ORDER BY … LIMIT Performance Optimization

refer to the article:

ORDER BY … LIMIT Performance Optimization

http://www.mysqlperformanceblog.com/2006/09/01/order-by-limi t-performance-optimization/

I am facing this problem. I am using the correct index, but the problem is on “large LIMIT”, e.g.

ORDER BY … LIMIT 10000,10

we can’t avoid this problem in our application, but are they workaround?

can data partitioning help?


If you have LIMIT 10000,X means MySQL will have to generate and throw away first 10000 rows which is not overly efficient and partitioning is not directly helpful here.

I’d ask the question describing task you’re trying to solve rather than judging it way you can do things… there are usually many ways.

I’m facing a similar problem to the original poster’s, perhaps you can help.

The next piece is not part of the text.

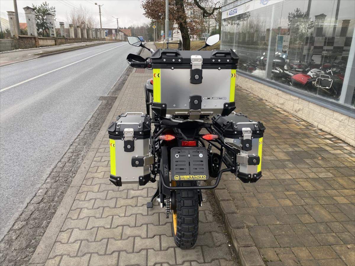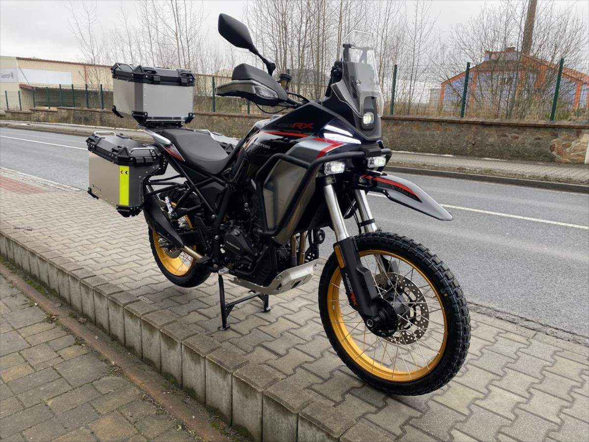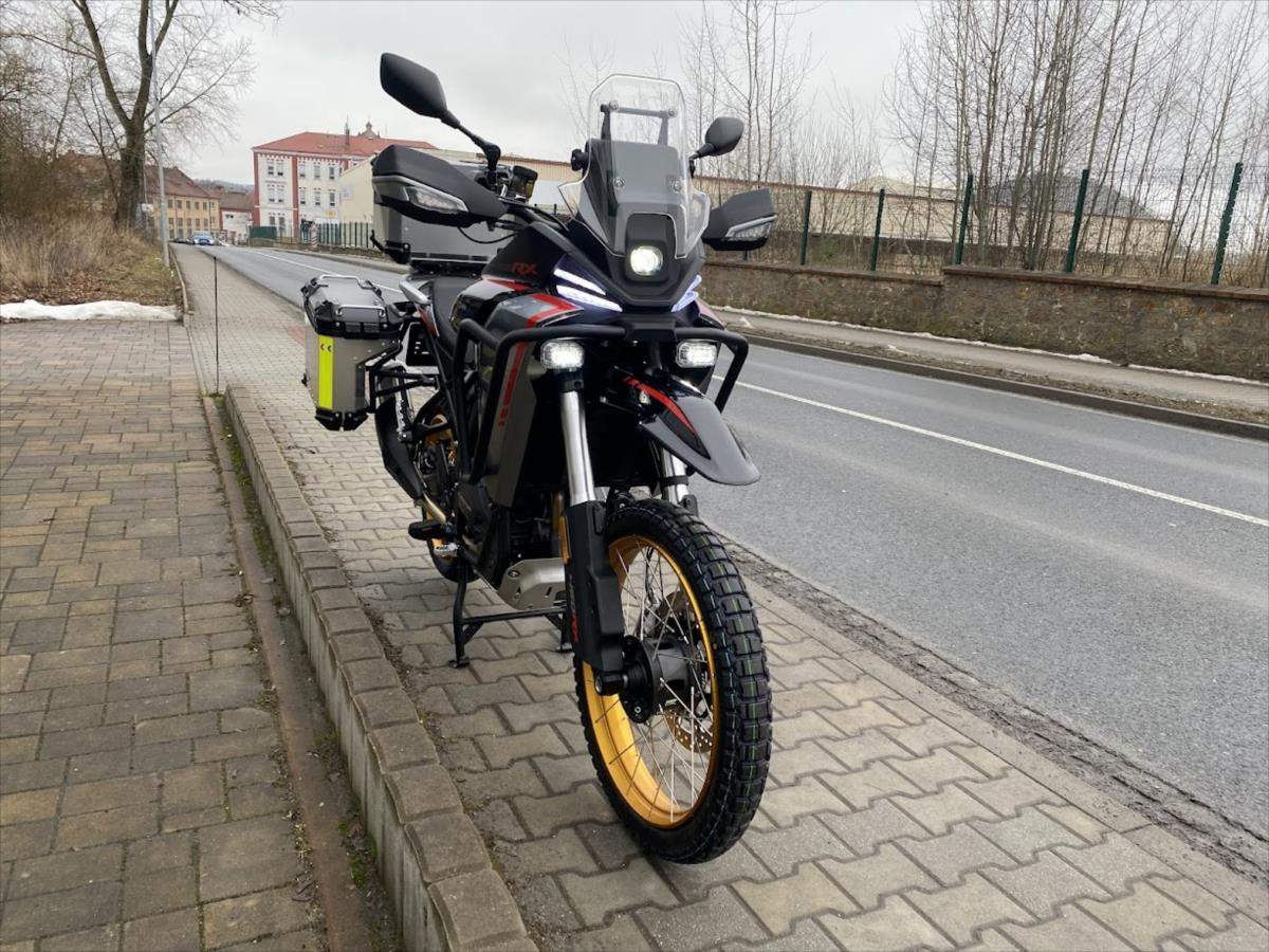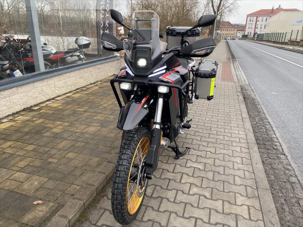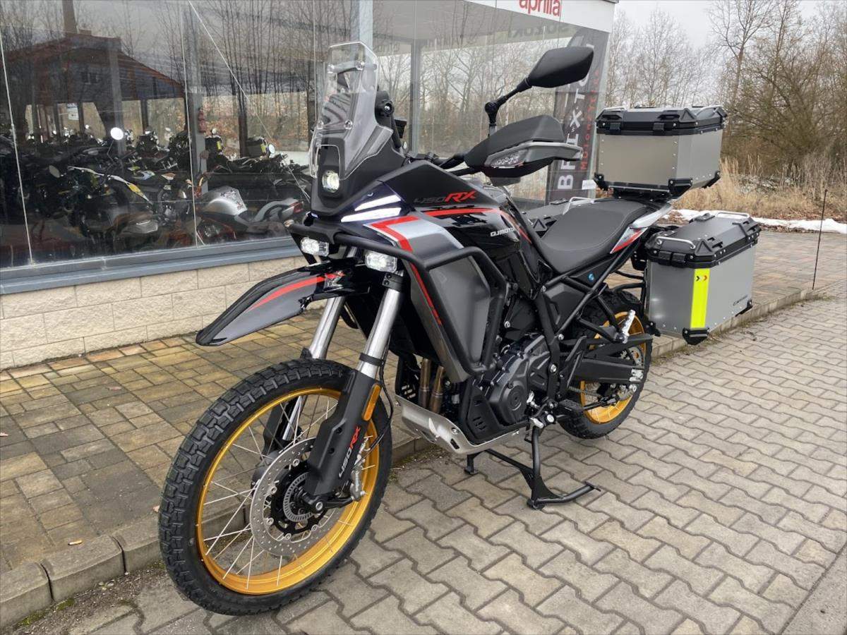 SRT 450 RX - Nová off-roadová ikona od QJMOTOR; Dát naším zákazníkům - motorkářům to nejlepší - to je jasná filozofie značky QJMOTOR. Nový adventure SRT 450 RX je motocykl; který zasahuje do velmi nabité kategorie teréních čtyřistapadesátek. Jedná se o motocykl; který se poučil z chyb konkurence a přišel sice o něco později; ale o to více dotažený k dokonalosti. Motor má objem stejně jako rally speciály na Dakaru o objemu 450cc; ale jedná se o řadový dvouválec; oproti jednoválcovým speciálům. Důvod je jednoduchý naše SRT450 RX není dobrá jen v terénu; ale musí obstát i při svižných přesunech po běžných silnicích. Jeho robustní; ale účelná konstrukce je plně oddána dosažení co nejnižší hmotnosti; která však nejde na úkor kvality materiálů. Tyto stroje musí obstát i při drsném zacházení a čím lehčí motocykl je; tím je to na úkor kvality materiálu. Přidejte velkou nádrž; nízkou spotřebu; vysoké zdvihy podvozku a světlou výšku; full LED osvětlení; bohatou výbavu a hmotnost pod 200 kg i se třemi kufry a máte tu nového krále této kategorie!;

The problim is: I have items that belong to a certain category. You can select which categories to view, and browse through these items by page.
For example, you might view page 1000 of categories 1, 2, 10, and 30.

Sample table:

CREATE TABLE test ( id int(10) unsigned NOT NULL auto_increment, category tinyint(3) unsigned NOT NULL, PRIMARY KEY (id), KEY cat (category)) ENGINE=MyISAM

Sample query to view page 1000 of cateogies 1,2,10,30:

SELECT id FROM test WHERE category IN(1,2,10,30) ORDER BY id DESC LIMIT 10000,10

I have the ORDER BY id DESC because the latest items are added at the end, so page 1 would be the last rows of the table.

I don’t know how to optimize this query - as you said, this kind of query is generating 10,010 rows and throwing away all but 10 of them.

There will ultimately be millions of items, but not hundreds of millions (but there will potentially be 100,000 added daily). There will be less than 200 categories, and the user will need to be able to select any categories they want and browse through the pages.

Any ideas?

For millions (not hundreds of millions) “brute force” approach may work. With 7-byte key length occasional 100k rows index scan isn’t a big deal.
But this of course should be tested with real workloads in mind.

I’d look if this causes performance problems for you.

Alexey is a bit wrong about index scan - LIMIT will actually perform row read and then throw data away, unless it is fully index covered query.

My first suggestion is to limit how far you can go - you can’t go to page number 1000 even in Google. Restricting number of pages you really show works for many cases.

If you absolutely need to show all pages and you only update data once per day - you can pre-generate positions within each of category.